Data to examine section start
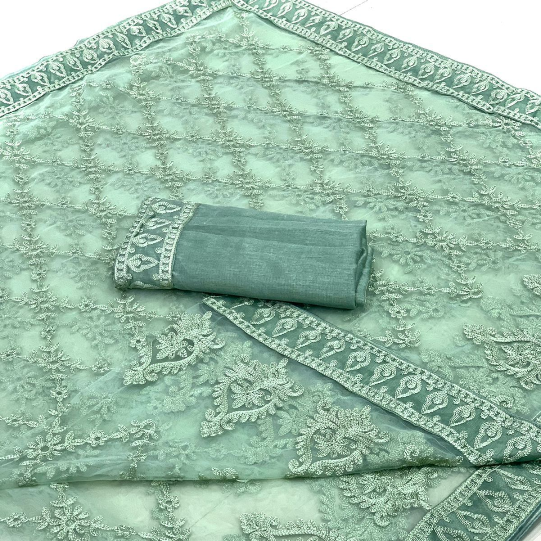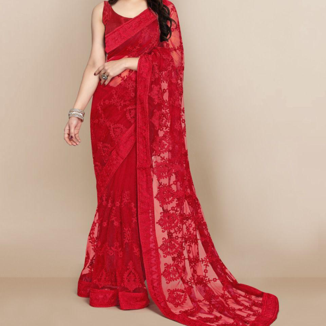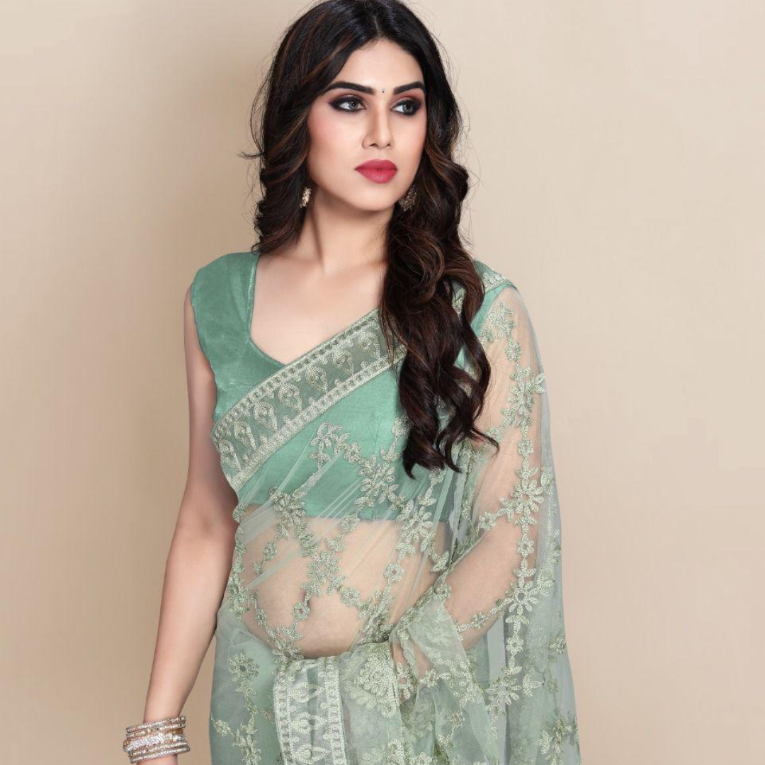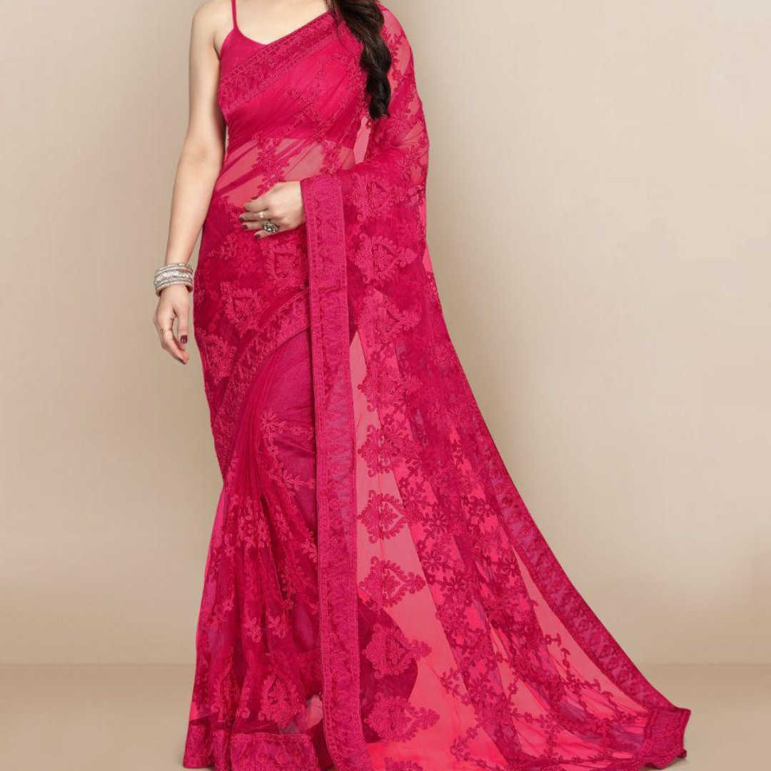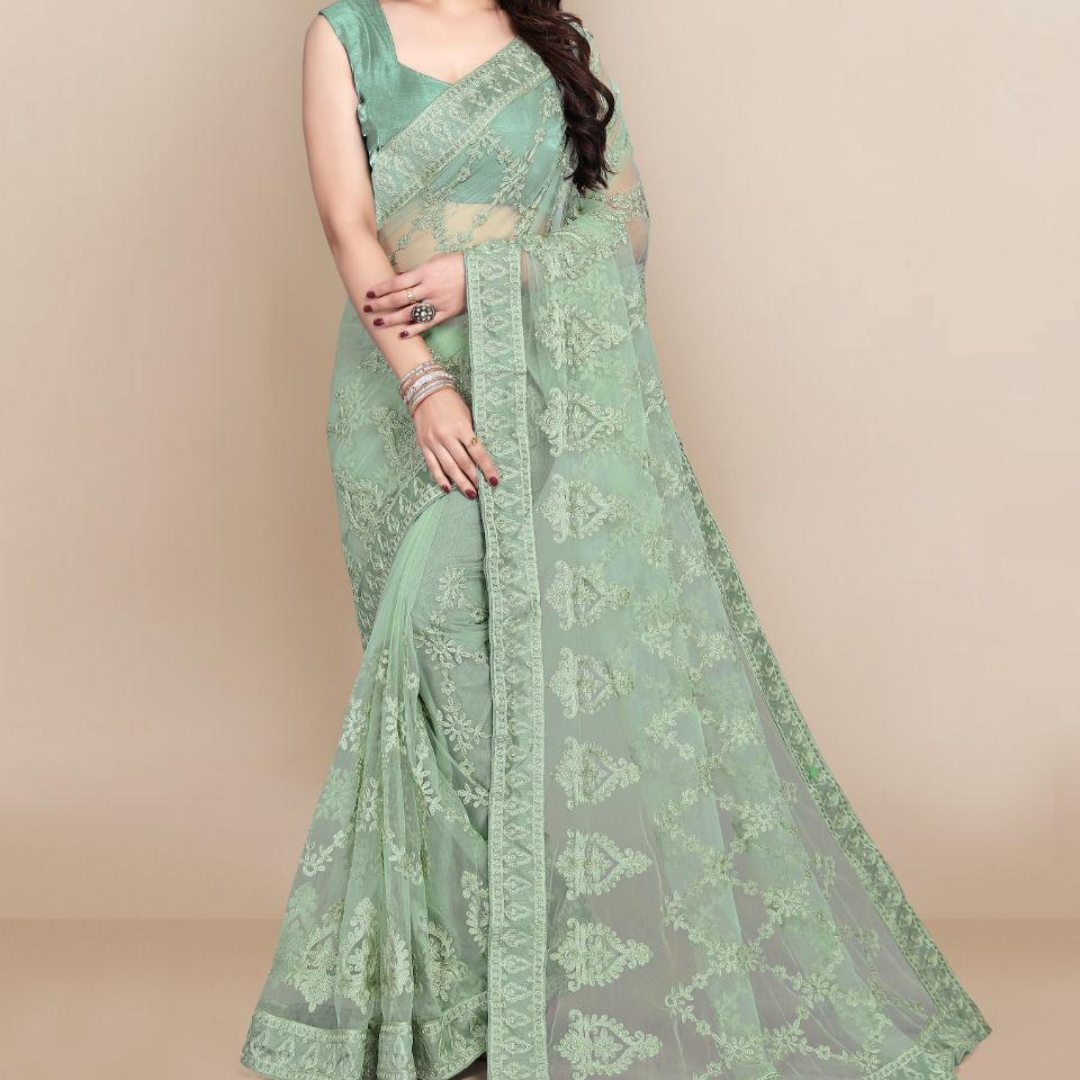 Looking for someone for this same color beautiful Designer Saree on premium super Net fabric with extraordinary embroidery with piping border and whole sarees with red and green thread butta
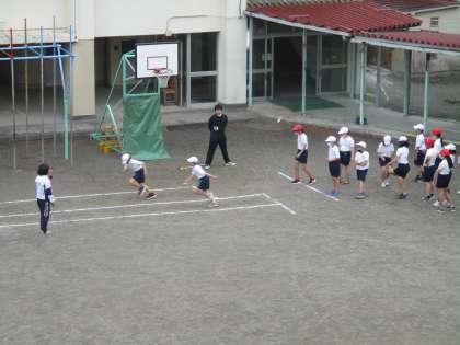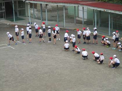 5年生の体育です。ちょっと雨がふり始めましたね。全部はできないかな。
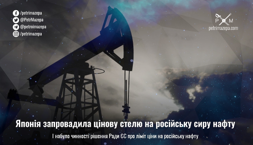 З понеділка, 5 грудня, набуло чинності рішення Ради ЄС про ліміт ціни на російську нафту і заборону морського транспортування російської нафти до третіх країн. А Японія ввела цінову стелю на російську сиру нафту, але сиру нафту, що імпортується із заводу «Сахалін-2», буде виключено з обмежень.
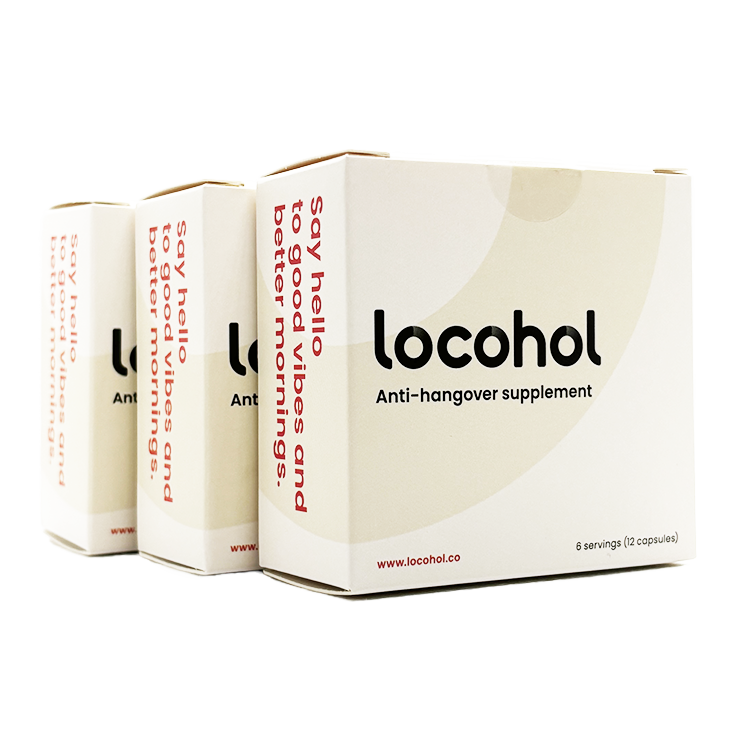 When drinking, your body turns alcohol into acetaldehyde, and that's the troublemaker that's behind all the flushing, the hangovers, the nausea – you name it! Locohol® works by preparing and protecting your liver with the highest quality all-natural essential vitamins and antioxidants to help your body recover faster.
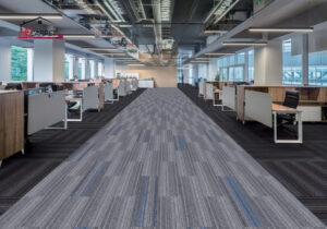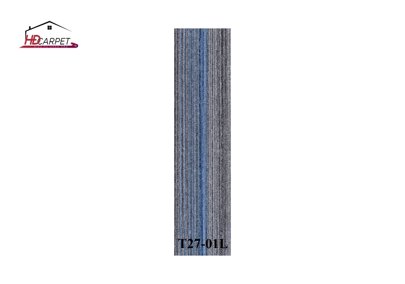 Mẫu Thảm tấm dài T27 01L nổi bật với tông màu xám kết hợp các đường sọc xanh hiện đại, tạo điểm nhấn tinh tế cho sàn nhà. Thiết kế này không chỉ giúp tăng tính thẩm mỹ mà còn hỗ trợ che bụi bẩn và dấu vết di chuyển, rất phù hợp cho khu vực có mật độ đi lại cao như văn phòng, hành lang hoặc khu vực lễ tân.
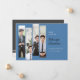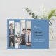 Dessa moderna 7-tums x 5-tums tillkännagivande för studenten-platshållare för fyra unika beskurna foton som subtilt visar dina favoritfoton på en koboltblå bakgrund med elfenbensfärgade och svarta bokstäver. Kortets baksida är svart med elfenbensformad linjer.
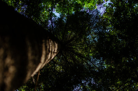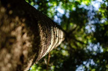 Tree trunk reach for sky, bokeh light, natural, tranquil perspective
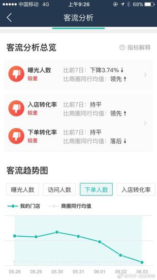 6月2号上午,店铺开张两个小时后,杨先生的妻子发现店铺排行持续下滑。从商圈前三,跌出了排行榜。
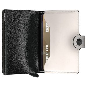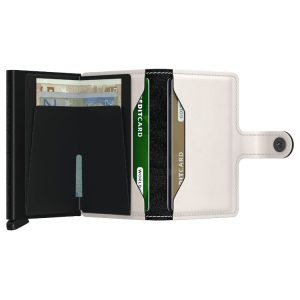 The Miniwallet is a modern take on the classic billfold. With its slim profile it fits perfectly into every pocket. The generously cut leather holds at least an additional six cards, banknotes and business cards. This patented mechanism allows you to slide out your cards with one simple motion, ready for immediate use. The aluminium protects from bending, breaking and unwanted wireless communication.
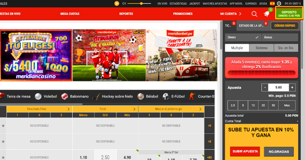 En los meses de agosto y septiembre, Meridianbet lanzó increíbles promociones como: Torneo VIP, Abono blanquirrojo, S/. 1000 sin rollover con tu primer depósito, 50,000 en premios, 10% Cashback.
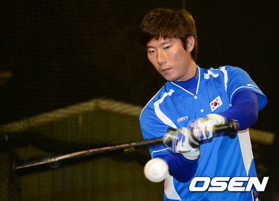 26일 오후 대만 타이중 구장 연습장에서 아시아야구선수권대회 대표팀 고영민이 훈련을 하고 있다.
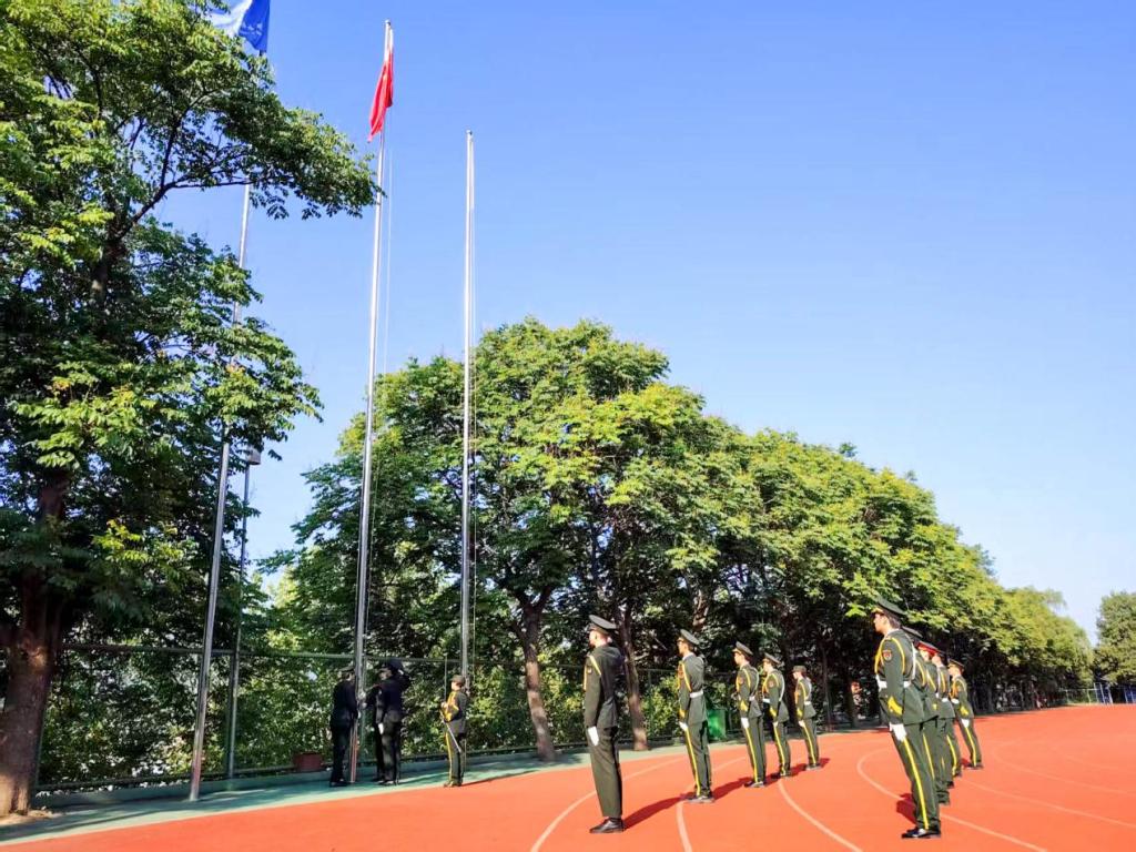 在激昂的国歌声中,英姿飒爽的国旗护卫队迈着整齐有力的步伐护送国旗入场。全体师生庄严肃立,向缓缓升起的五星红旗行注目礼,高唱国歌,现场气氛庄重而热烈。
Data to examine section end
--- Assignment ---
Each line from the start of the entries to the line holding "З понеділка, 5" is to be given again exactly, both ends included, and each picture is to be left out.

--- Task response ---
 Looking for someone for this same color beautiful Designer Saree on premium super Net fabric with extraordinary embroidery with piping border and whole sarees with red and green thread butta
 5年生の体育です。ちょっと雨がふり始めましたね。全部はできないかな。
 З понеділка, 5 грудня, набуло чинності рішення Ради ЄС про ліміт ціни на російську нафту і заборону морського транспортування російської нафти до третіх країн. А Японія ввела цінову стелю на російську сиру нафту, але сиру нафту, що імпортується із заводу «Сахалін-2», буде виключено з обмежень.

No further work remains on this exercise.